A Japanese satellite carrying laser relay technology was launched into space on Sunday (November 29) on a mission to transmit data at high speeds from military and civilian Earth observation spacecraft.
The H-2IA rocket’s laser – powered communications satellite launched from the Thanegashima space center in southern Japan at 2:25 a.m. EST (4:25 p.m. local time).
Rocket builder and launch provider Mitsubishi Heavy Industries (MHI) announces successful launch On Twitter, Adding the satellite detached from the upper stage of the rocket. From there, the satellite will go into geostationary orbit for a 10-year mission. “The rocket was confirmed to have flown as planned,” said MHI, which translated the machine. Statement from the Japanese language.
Unusually, the mission was not broadcast live from the Japan Aerospace Exploration Agency or Jaxa, probably due to the strategic nature of the laser technology. According to Space Flight Now. No information is given about its exact orbital track.
According to the machine’s translated version, a laser utilizing communication system, or satellite satellite abbreviated as LUCAS, transmits data from low orbiting satellites using laser technology. Jaxa Mission page in Japanese.
Will fly to LUCAS Geostationary orbit, Allowing it to orbit at an altitude of about 22,000 miles (36,000 km) above the Earth’s equator. It will have a constant view of the Asia-Pacific region.

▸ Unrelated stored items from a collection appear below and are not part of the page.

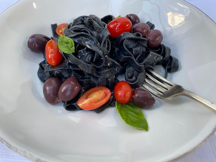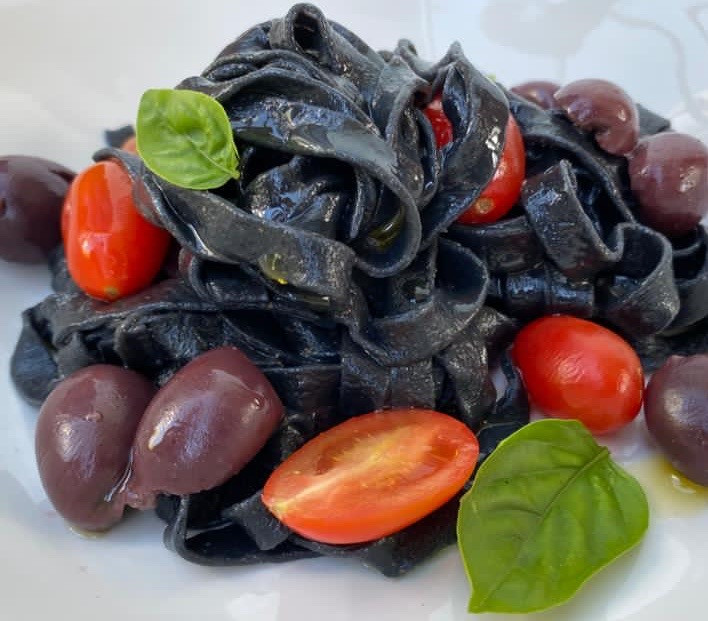 Impress your dinner guests with this easy to make activated charcoal tagliatelle. Much easier to work with than squid ink, activated charcoal has claims to benefit your digestive tract. You can buy Activated Charcoal from health shops but a few supermarkets also keep it. The recipe provides for 4 – 6 portions.
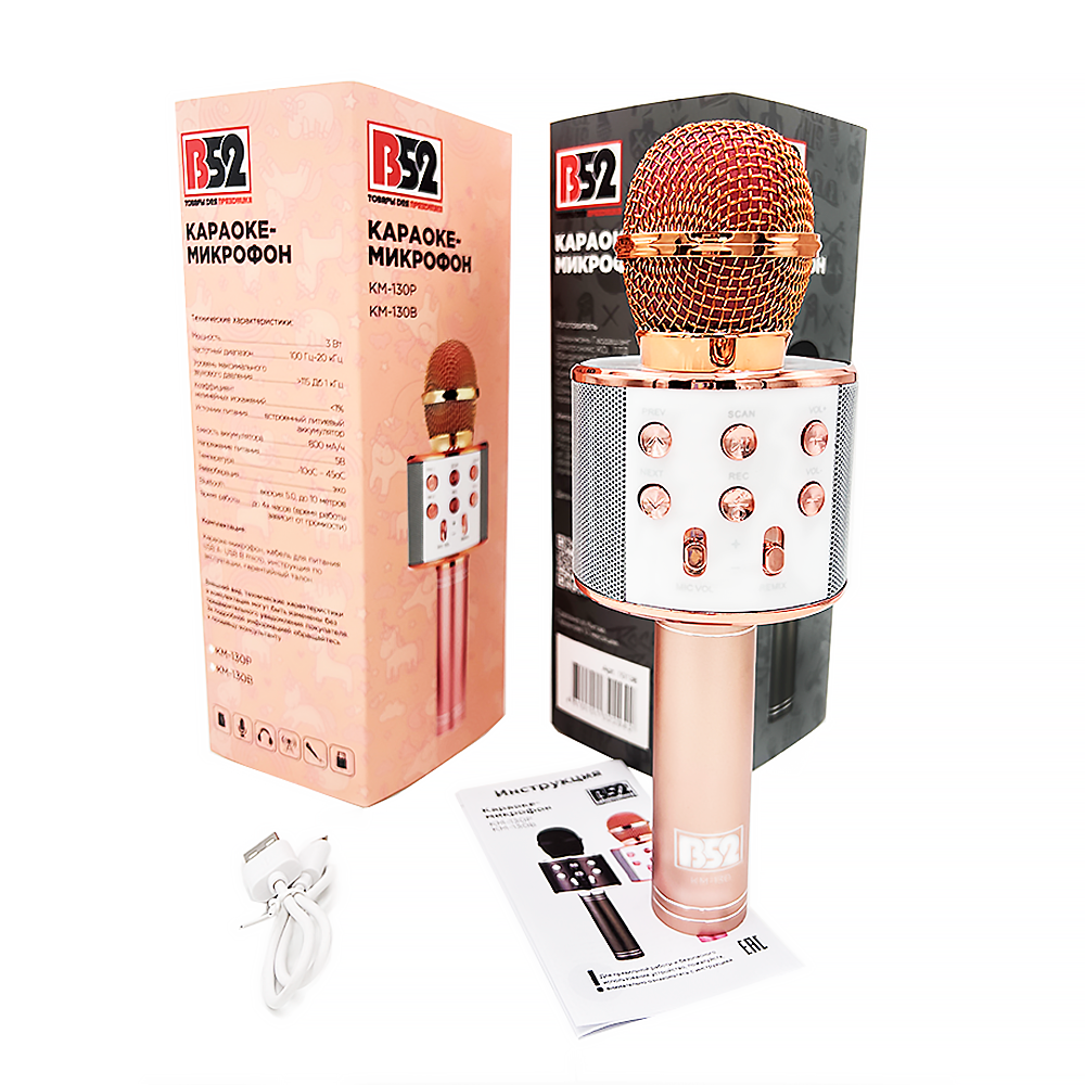 Гаджеты и подарки Noname Караоке-микрофон B52 KM-130P, 3Вт, АКБ 800мА/ч, BT (до10м), USB, беспр.микроф. информация:
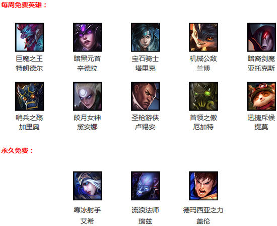 另外,在中国的服务器中,我们额外增加了三个永久免费的英雄——寒冰射手艾希、德玛西亚之力盖伦和流浪法师瑞兹。这三个英雄是永久免费供所有玩家使用的。主要目的也是便于那些刚刚打完新手实战训练营的玩家能够至少有一个自己会用的英雄。
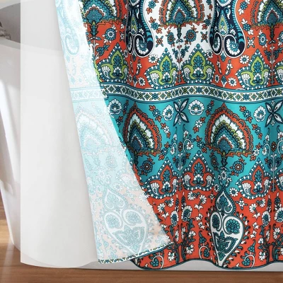 Function meets fashion with this bold boho design in lively colors. Give your bathroom a quick, easy and affordable makeover with Lush Décor’s Bohemian Meadow Shower Curtain 14 Piece Complete Set. The Bohemian Meadow Shower Curtain 14 Piece Complete Set includes everything you need for your shower together in one package: the bohemian style shower curtain, PEVA liner and plastic rings for hanging them. The rings measure 2.2 inches in diameter, and we add in two extra rings for your convenience. If you love a colorful boho style for your bathroom, our Bohemian Meadow Shower Curtain 14 Piece Complete Set is for you. Printed on Microfiber, this set truly stands out and would look excellent in a teen’s bathroom, guest bathroom or a master bathroom. Either color option will truly brighten your space and your day. The shower curtain measures 72 inches on all sides and should easily fit nearly any bathtub. It may not be large enough for a claw foot tub. For your convenience, this shower curtain is safe to machine wash and tumble dry. Please follow all instructions on the product’s care label. Part of the Bohemian Meadow Collection.

From a high altitude, LUCAS will connect with satellites in low Earth orbit. Lucas’ laser technology transmits information at a speed of 1.8 gigabytes per second, which is seven times faster than sending radio waves, Jaxa said.
There are more satellites than Earth observe Utilizing more advanced computing technology due to smaller satellites from private companiesJaxa said LUCAS will allow future data transmission capabilities on low-orbit spacecraft and future emergencies.
In order to quickly obtain information from these satellites it is imperative to make full use of their applications, which monitor the Earth for global warming and assist in disaster response in the aftermath of a hurricane-like event.